KSK2017 Rollover was a success
Repeat from what I said at the microphone today Main lesson from this roll is it worked better than we could have expected, given this was the first time, We expect that software/configuration has bugs/errors and this exposed some. There might have been some configurations that did not anticipate change in the key used ==> nothing beside rolling the KSK could have exposed that. There were some outages, there may have been some sites that turned off DNSSEC and we need to get some measurements of what that long term effect was i.e. did the validation get turned back on. The traffic increase reported was interesting but the big picture is it was in the NOISE range, i.e. all root servers should be able to deal with such small increase. I have no opinion at this point when next to roll or how fast to perform that roll. Ólafur
I agree with Olafur. The KSK rollover should be considered an overall success. Coming from a community where there is a vocal minority that only grudgingly deployed, if there was a significant issue with the rollover we would have heard about it. There could be improvement, but overall it was successful. I also agree that we should start looking at post-quantum algorithms in DNSSEC. NIST has an effort underway now: https://csrc.nist.gov/Topics/Security-and-Privacy/cryptography/post-quantum-... There isn’t anything available that could be suggested, but it is an effort I intend to follow. A breakthrough in quantum computing could mean everyone needs to rapidly deploy of a new algorithm. Scott From: ksk-rollover <ksk-rollover-bounces@icann.org> on behalf of Ólafur Guðmundsson via ksk-rollover <ksk-rollover@icann.org> Reply-To: Ólafur Guðmundsson <olafur@cloudflare.com> Date: Thursday, March 28, 2019 at 7:23 AM To: KSK Rollover <ksk-rollover@icann.org> Subject: [ksk-rollover] KSK2017 Rollover was a success Repeat from what I said at the microphone today Main lesson from this roll is it worked better than we could have expected, given this was the first time, We expect that software/configuration has bugs/errors and this exposed some. There might have been some configurations that did not anticipate change in the key used ==> nothing beside rolling the KSK could have exposed that. There were some outages, there may have been some sites that turned off DNSSEC and we need to get some measurements of what that long term effect was i.e. did the validation get turned back on. The traffic increase reported was interesting but the big picture is it was in the NOISE range, i.e. all root servers should be able to deal with such small increase. I have no opinion at this point when next to roll or how fast to perform that roll. Ólafur
* I also agree that we should start looking at post-quantum algorithms in DNSSEC. I believe that DNSSEC should, like other IETF groups, wait for CFRG to speak. He presented at IETF99; https://datatracker.ietf.org/meeting/99/materials/slides-99-saag-post-quantu...

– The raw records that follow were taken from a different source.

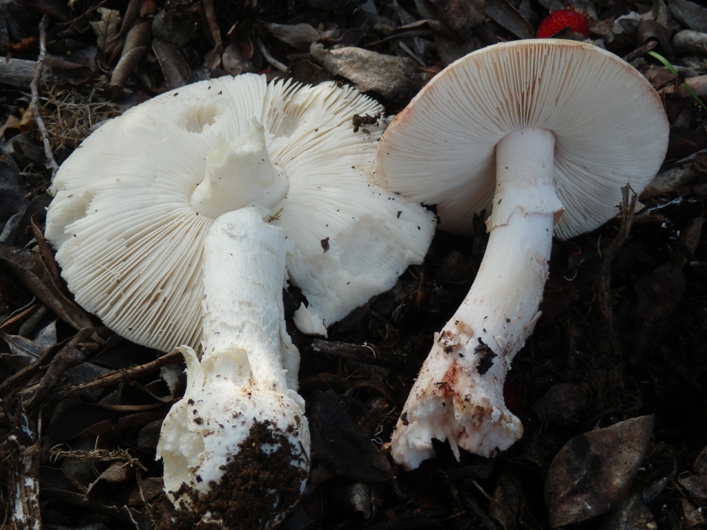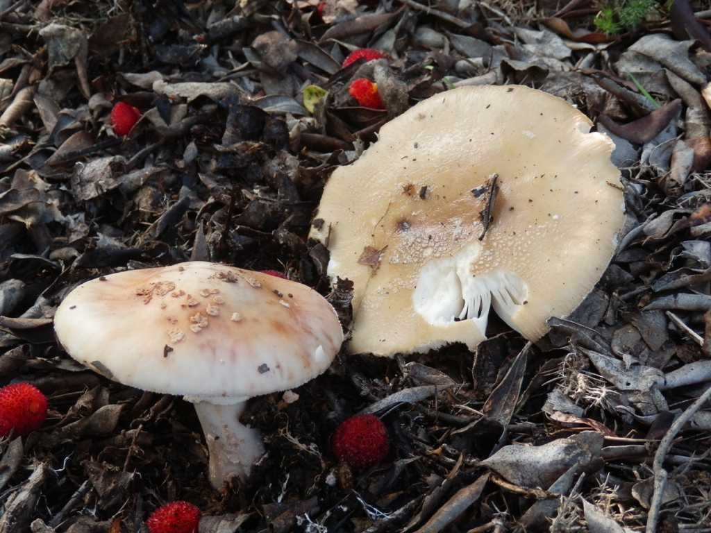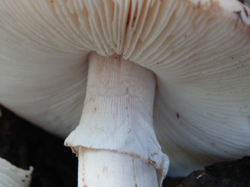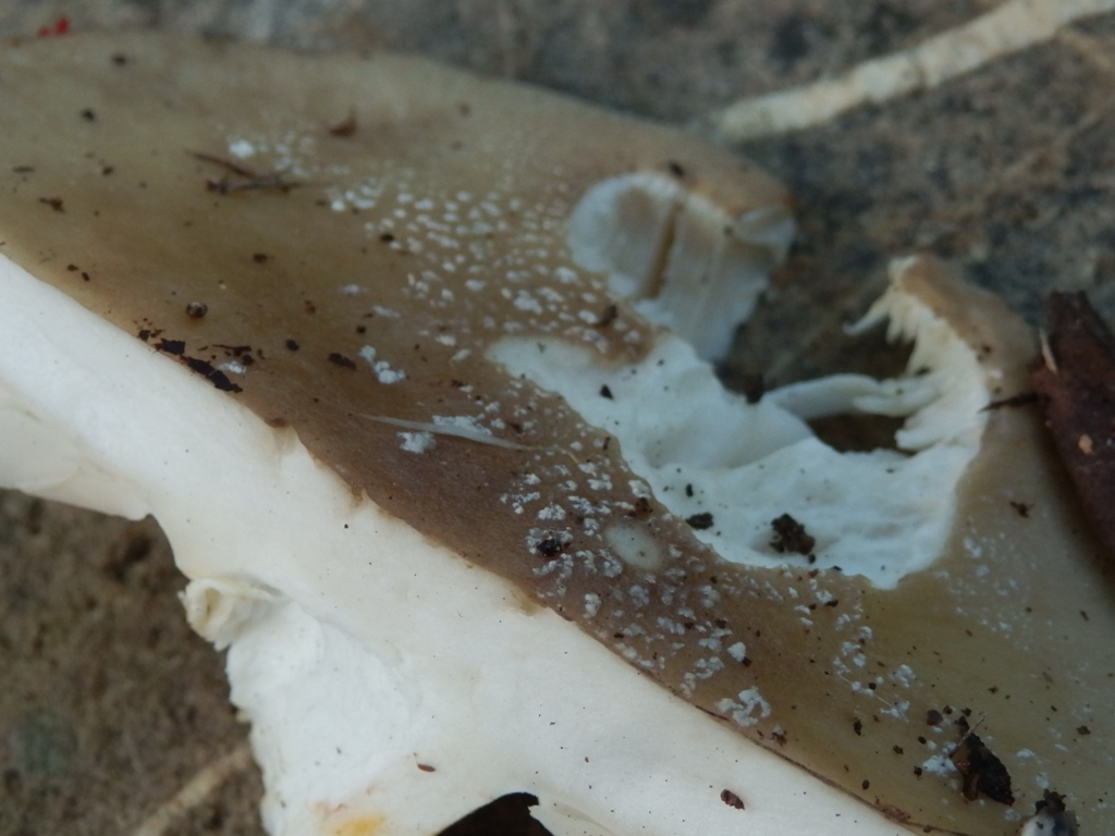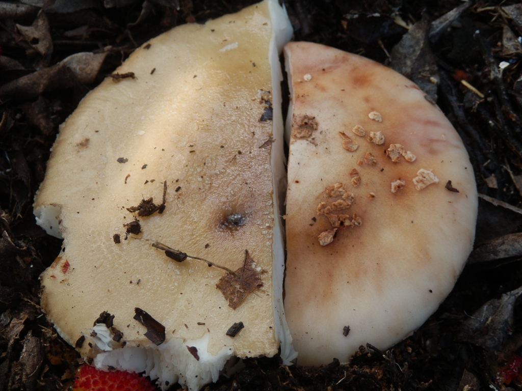 Leider ist beim Perlpilz die Stielbasis in der Erde steckengeblieben, weil sie schon total zerfressen war. Auf den Fotos ist das nicht so gut zu erkennen, aber wenn man beide nebeneinander hält, kann man sie eigentlich genauso wenig verwechseln wie man Kaiserlinge und Fliegenpilze verwechseln kann. Die Tönung des Huts ist jeweils eindeutig. Natürlich gibt es beim Perlpilz noch die anderen Merkmale.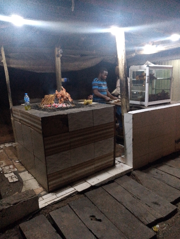 A dimly lit outdoor eatery features a tiled grilling station topped with glowing coals, skewers, and whole grilled chickens. A man in a blue striped shirt works beside the grill, preparing food. A small display case containing grilled items sits next to a tiled counter. The flooring transitions from cracked tiles to weathered wooden planks. A bottle of water rests on the grilling station.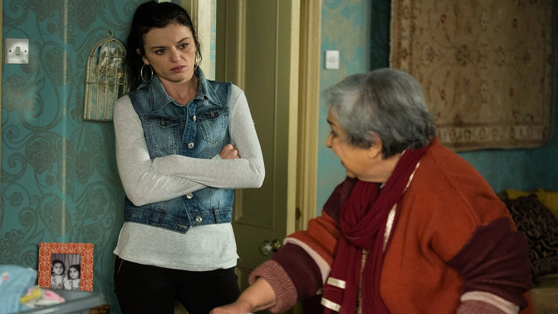 Meanwhile, Stuart manipulates Dot into letting him stay with her after he pays for Robbie to visit his son, Sami, in India. Linda sees Stuart and Tina and Shirley worry what he will do next. Linda is then shocked to see Mick in the Vic's cellar. Alfie tries to get Hayley to come home and even suggests that he and Kat adopt Cherry, though Kat wants Cherry to stay with Hayley. Hayley tells Alfie she always feels pushed out at the Slaters' and Alfie then tells her he has feelings for her. Jean is nearly mugged, which affects her choir rehearsal so she leaves when Morag tries to put her with the background singers. Ian and the rest of the choir then call Morag a bully and turn their backs on her, so she quits and Ian insists he will take over the choir. |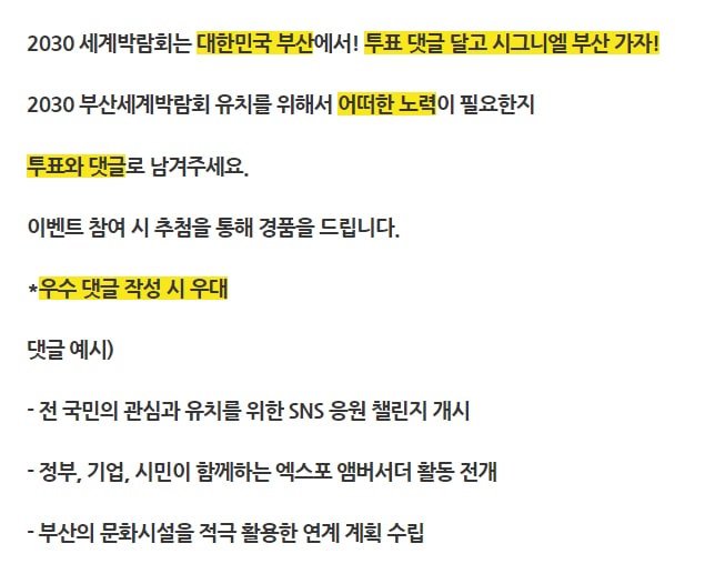 2030 세계박람회는 대한민국 부산에서! 투표 댓글 달고 시그니엘 부산 가자!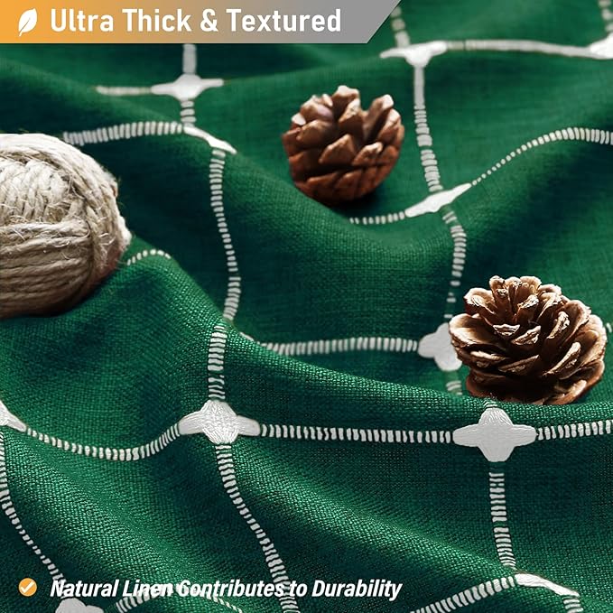 BTTN 78 Inch Long Shower Curtain - Boho Farmhouse Linen Ultra Thick Fabric Shower Curtain Set with Plastic Hooks, Tall Rustic Country Waterproof Shower Curtains for Bathroom - Emerald Green - 72x78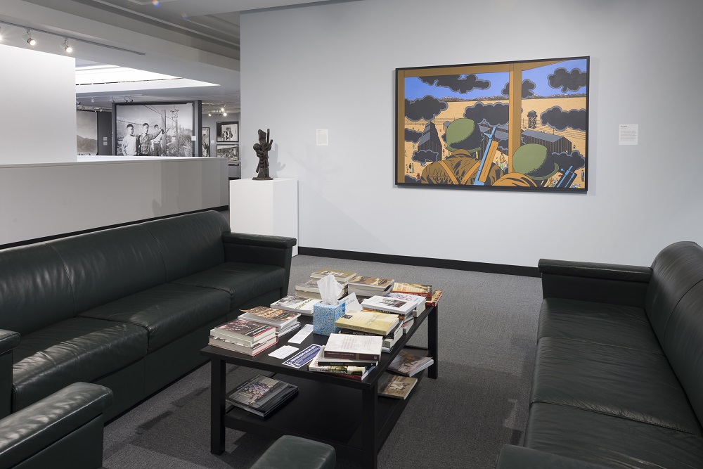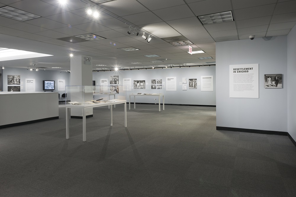 The JASC and a number of collectors from the Chicago area have generously lent art, objects, documents and other historical materials that provide glimpses into the personal experiences of those who were incarcerated. Highlights include ID cards and tags, anti-Japanese propaganda, suitcases, diaries, handmade furniture, wood carvings and other works of art, high school yearbooks and newsletters produced by camp inmates, military accoutrements, indefinite leave clearances, materials related to resettlement in Chicago and eventual redress and reparation. Specially compiled video testimonies by former inmates, their family members and community leaders are installed throughout the exhibition. And the new documentary film And Then They Came for Us by Abby Ginzberg and Ken Schneider, screened daily, makes explicit connections between the Japanese American incarceration story and current concerns with regard to the treatment of Muslims and Muslim Americans.

Am 29.03.19 um 20:01 schrieb Salz, Rich via ksk-rollover:
* I also agree that we should start looking at post-quantum algorithms in DNSSEC.
I believe that DNSSEC should, like other IETF groups, wait for CFRG to speak. He presented at IETF99; https://datatracker.ietf.org/meeting/99/materials/slides-99-saag-post-quantu...
there are two sides - deploy a post-quantum algorithms - deploy any secondary algorithm for the later we don't have to wait. Andreas
participants (4)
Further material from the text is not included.